Let $ f: ( 0, \infty) \rightarrow ( 0, \infty)$ bijective with $ f^{-1}(x) \cdot f(x) =1$. Let $ f: ( 0, \infty) \rightarrow  ( 0, \infty)$ bijective  with $ f^{-1}(x) \cdot f(x) =1$.Prove that  there is an interval $ I $ such that  $f(I) $ is not an interval. I choose two elements $ x, y \in ( 0, \infty)$ such that $ f(x) <1 $  and $ f(y) >1$  and I tried to send $ x \rightarrow f(x) $  of infinetely many times to obtain that $f(I) = ( 0, \infty)$.How to try in another way?
 A: If $f(x)$ is strictly increasing then so is $f^{-1}(x)$; but then their product would have to be strictly increasing, contradicting that it should be constant by $f^{-1}(x)\cdot f(x)=1$. In the same way $f(x)$ can't be strictly decreasing. It also can't be weakly increasing/decreasing, because it is injective.

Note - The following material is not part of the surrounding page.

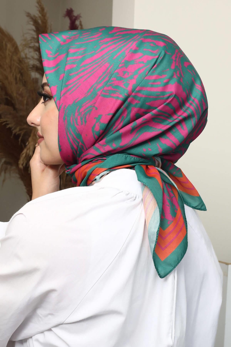 Dalgalı Desen Koyu Yeşil Soft Pamuk Eşarp;Ölçü:95x95;Kumaş:%50 Pamuk %50 Polyester;Dört mevsim kullanıma uygundur.;Kolayca şekil alır, önü tok ve dik durur.; Solmaya ve kırışmaya dayanıklıdır.; İç göstermez,kayma yapmaz.; Ütü gerektirmez.;Kullanılan ışıklardan dolayı renk farklılıkları olabilir.

Since $f(x)$ is not monotone either we can find $x_1<x_2<x_3$ such that $$f(x_1)<f(x_2) ~\land~ f(x_2)>f(x_3)$$ or such that $$f(x_1)>f(x_2) ~\land~ f(x_2)<f(x_3).$$ Let's assume the first case (the other is the same).
Notice we can't have $f(x_1)=f(x_3)$ (injectivity), so we can assume $f(x_1)>f(x_3)$ (the other case is the same).
             
             
             
          
Let $I=[x_2,x_3]$.
Assume that $f(I)$ was an interval. Since $f(x_2),f(x_3)\in f(I)$ then for all $y$ satisfying $f(x_2) \geq y\geq f(x_3)$ we must have $y\in f(I)$. This is true in particular for $y=f(x_1)$, since $f(x_1)<f(x_2)$ and we assumed $f(x_1)>f(x_3)$. That is,
$$f(x_1)\in f(I)=f([x_2,x_3])$$
so there is some $t\in [x_2,x_3]$ such that $f(t)=f(x_1)$, which is impossible due to injectivity, so our assumption that $f(I)$ is an interval led to a contradiction.
A: Suppose that $f(I)$ is an interval for every interval $I\subset (0,\infty)$. Then $f$ maps open intervals in open intervals. In fact, suppose that $f((a,b))=(c,d]$ (the other cases are similar), then either $f((a,f^{-1}(d)])$ or $f([f^{-1}(d),b))$ is not an interval. Hence $f^{-1}$ is a continuous function, thus by the injectivity is strictly monotone. Let say strictly increasing (the decreasing case is the same), then $f$ would be strictly increasing as well, contradicting the assumption $f(x)\cdot f^{-1}(x)=1$.